WHAT THE TASK ASKS: Your copy starts at the line containing "Catch the frisbee" and ends at the last line of the material below. Reproduce those lines exactly, with no pictures.

THE DATA:

*-*-*

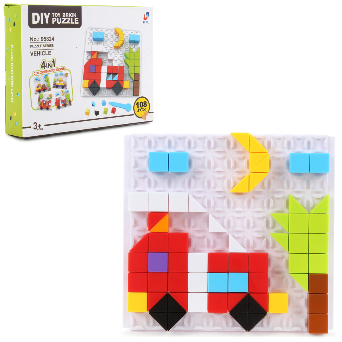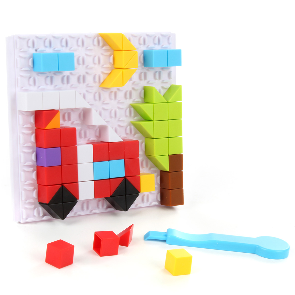 Отличный конструктор-пазл для развития мелкой моторики ручек, координации движений, пространственного и логического мышления ребенка. В комплект входят платформа-основа, на которую крепятся разноцветные фигурки пазла, сами фигурки пазла, инструмент, с помощью которого можно вынимать детальки пазла из картинки, цветная инструкция и подвес. Собирайте вместе с малышом представленные в инструкции модельки машинок, придумывайте свои картинки, помогая ребенку изучать окружающий мир, знакомиться с цветами и формами. Получившуюся картинку можно повесить на стену на специальный подвес. Игрушка изготовлена из безопасного и высококачественного полимерного материала. Размеры площадки-основы: 12*0,7*11 см. Размеры фигурки пазла около 1,1*1,1*1,1 см. Размеры коробки: 22*4*16 см.
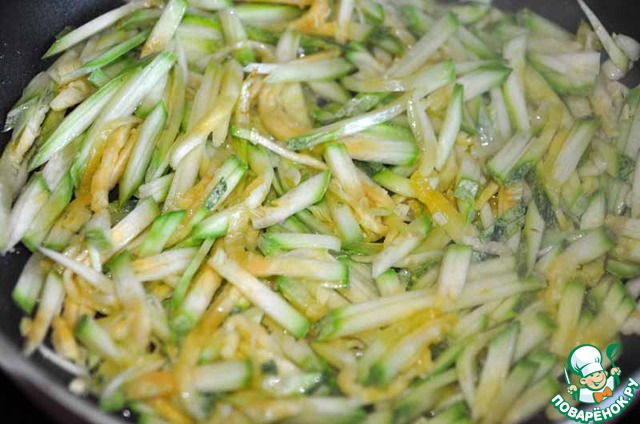 Добавляем нарезанные (натёртые) цуккини и обжариваем до прозрачности.
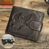 Cartera de hombre de Amazon, corta, de negocios, de piel de vaca, con tarjetero, monedero y clip dorado de cuero genuino.
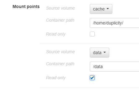 Under volumes : select the data volume and mount it to /data, select the cache volume and mount it to /home/duplicity
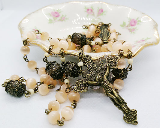 Rosary 6mm Peach Cats Eye Beads - Bronze
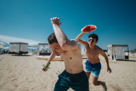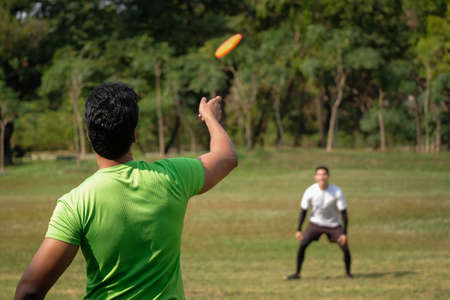 Catch the frisbee Group of young people in casual wear throwing plastic disk while spending carefree time outdoors : Generative AI
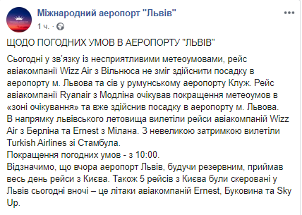 Уточняется, что не смог совершить посадку рейс авиакомпании Wizz Air из Вильнюса. В результате он смог сесть в румынском аэропорту Клуж. Рейс лоукостера Ryanair из Модлина ждал улучшения погодных условий в так называемой зоне ожидания и уже совершил посадку во Львове.
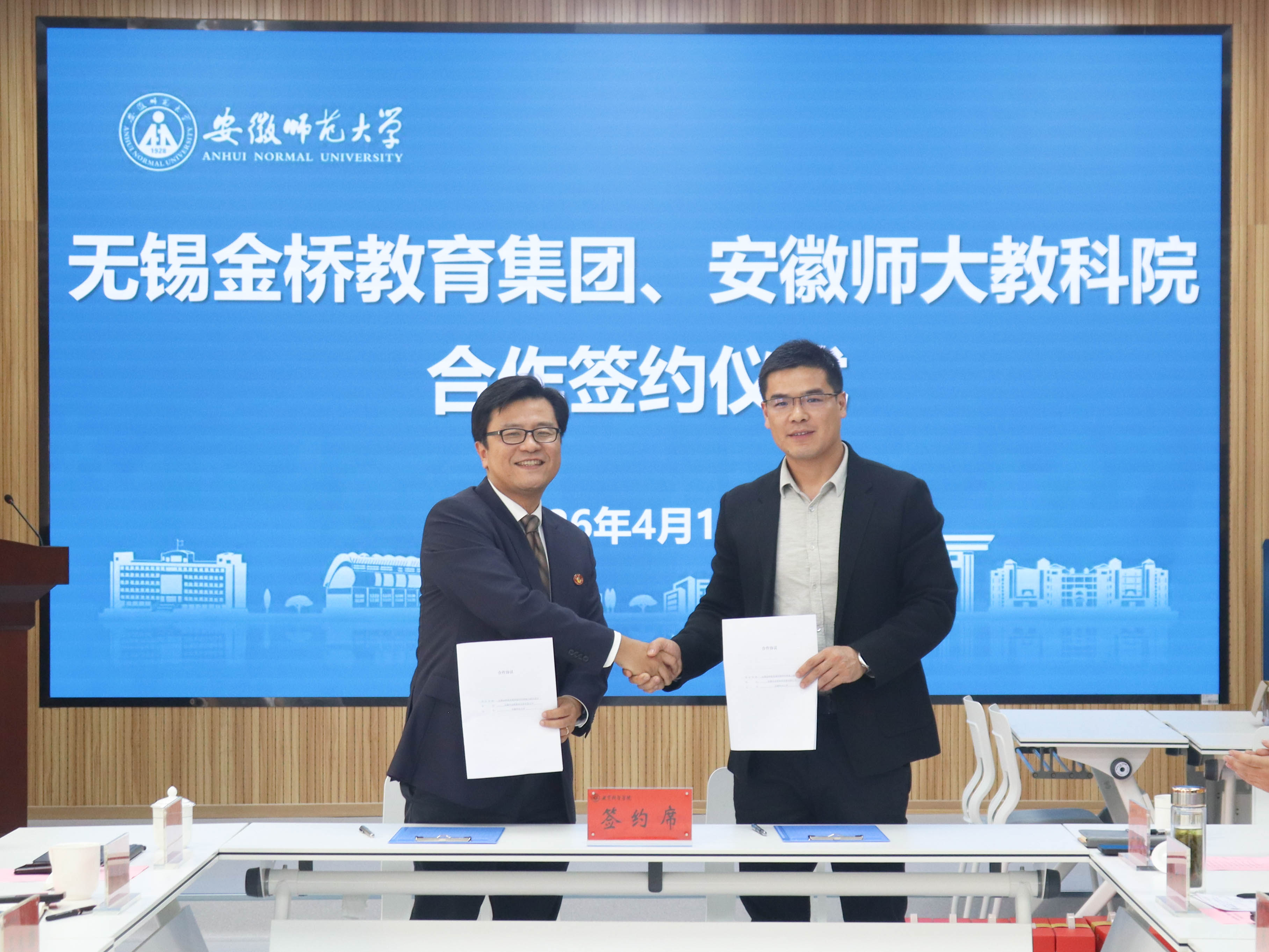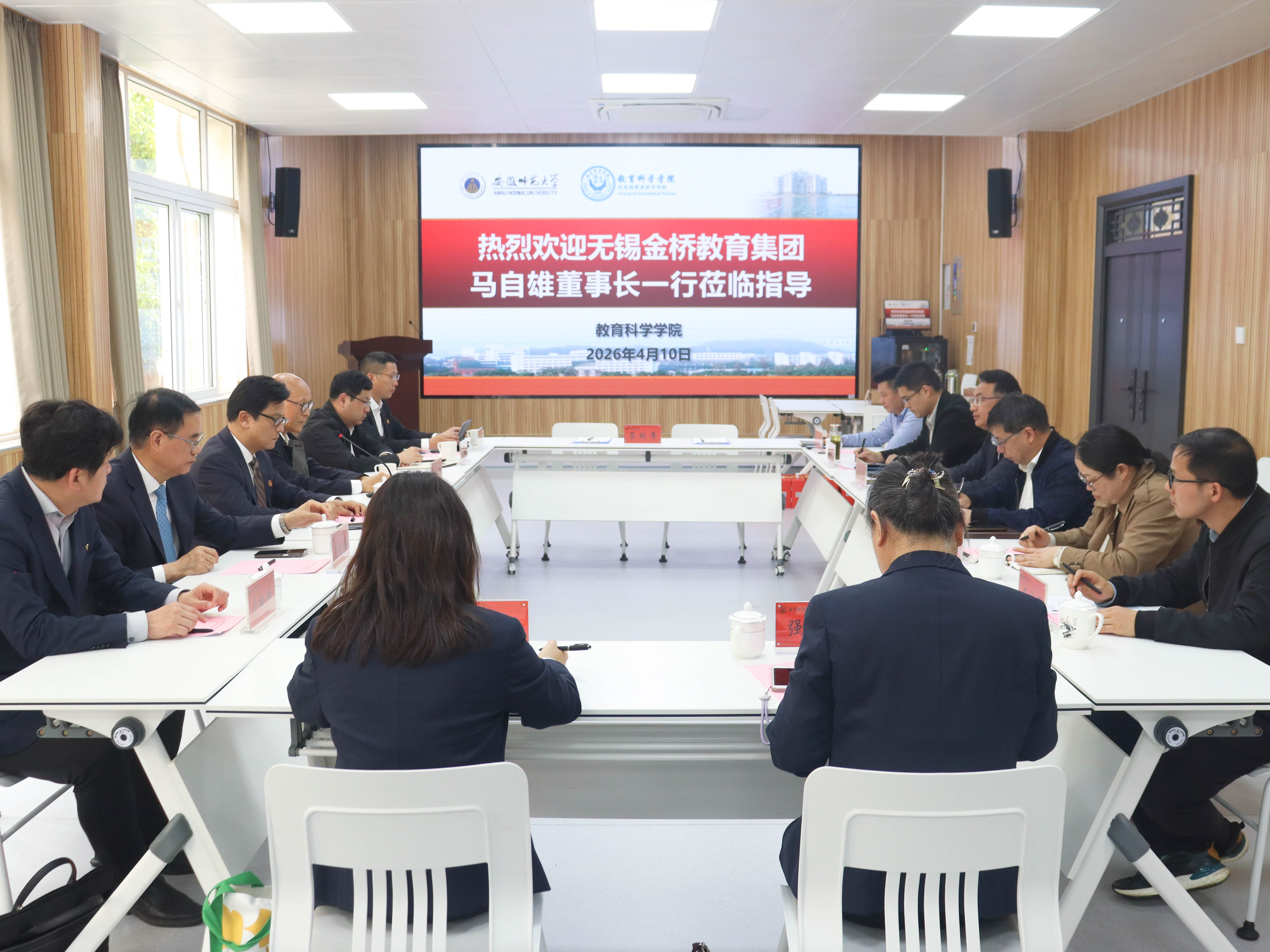 4月10日下午,无锡金桥教育集团一行来我校教育科学学院洽谈合作并签订协议。无锡金桥教育集团董事长马自雄、总经理马翀、副总经理陈东波、总督学凌光明、总经理助理兼综合办主任马松杉、人力资源部主任赵芸、教育研究院副院长强美君,无锡市新吴区金鸿实验学校书记、校长杨开勇,安徽师范大学校友工作办公室主任宋波,教科院党委书记许国飞、院长吴文涛、党委副书记杜凤、副院长王路曦、院长助理王礼军出席签约仪式。会议于教育科学学院一楼会议室举行,许国飞主持会议。
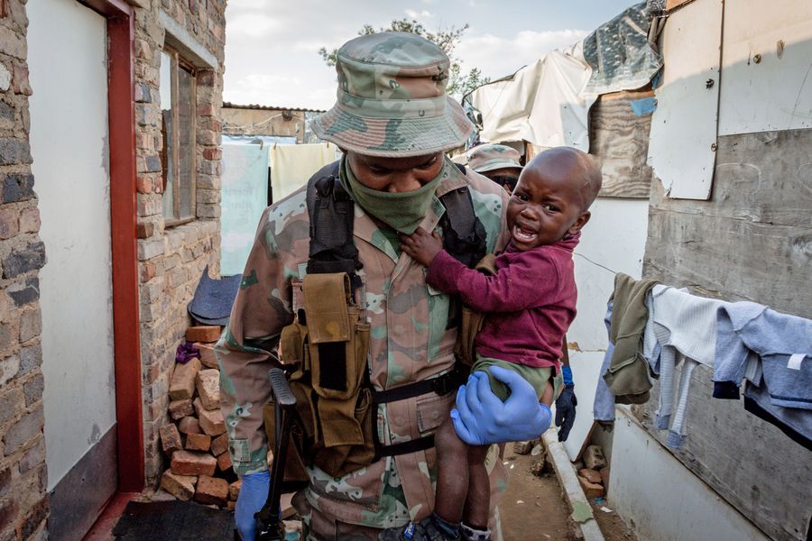 A soldier of South African National Defense Force carries a baby in his arm in Johannesburg, South Africa, April 20, 2020. (Photo by Yeshiel/Xinhua)
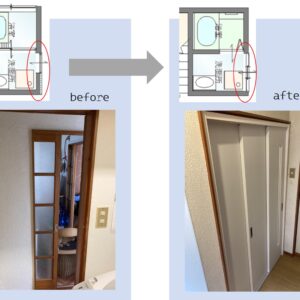 リフォームデータ 施工箇所 洗面脱衣室 建具 メーカー 造作 3枚引き戸 ← 片引き戸 仕様 出入口の有効幅が約30㎝拡張しました 「通りやすい、使いやすい」を実感!      […]

*-*-*

RESULT BELOW:
 Catch the frisbee Group of young people in casual wear throwing plastic disk while spending carefree time outdoors : Generative AI
 Уточняется, что не смог совершить посадку рейс авиакомпании Wizz Air из Вильнюса. В результате он смог сесть в румынском аэропорту Клуж. Рейс лоукостера Ryanair из Модлина ждал улучшения погодных условий в так называемой зоне ожидания и уже совершил посадку во Львове.
 4月10日下午,无锡金桥教育集团一行来我校教育科学学院洽谈合作并签订协议。无锡金桥教育集团董事长马自雄、总经理马翀、副总经理陈东波、总督学凌光明、总经理助理兼综合办主任马松杉、人力资源部主任赵芸、教育研究院副院长强美君,无锡市新吴区金鸿实验学校书记、校长杨开勇,安徽师范大学校友工作办公室主任宋波,教科院党委书记许国飞、院长吴文涛、党委副书记杜凤、副院长王路曦、院长助理王礼军出席签约仪式。会议于教育科学学院一楼会议室举行,许国飞主持会议。
 A soldier of South African National Defense Force carries a baby in his arm in Johannesburg, South Africa, April 20, 2020. (Photo by Yeshiel/Xinhua)
 リフォームデータ 施工箇所 洗面脱衣室 建具 メーカー 造作 3枚引き戸 ← 片引き戸 仕様 出入口の有効幅が約30㎝拡張しました 「通りやすい、使いやすい」を実感!      […]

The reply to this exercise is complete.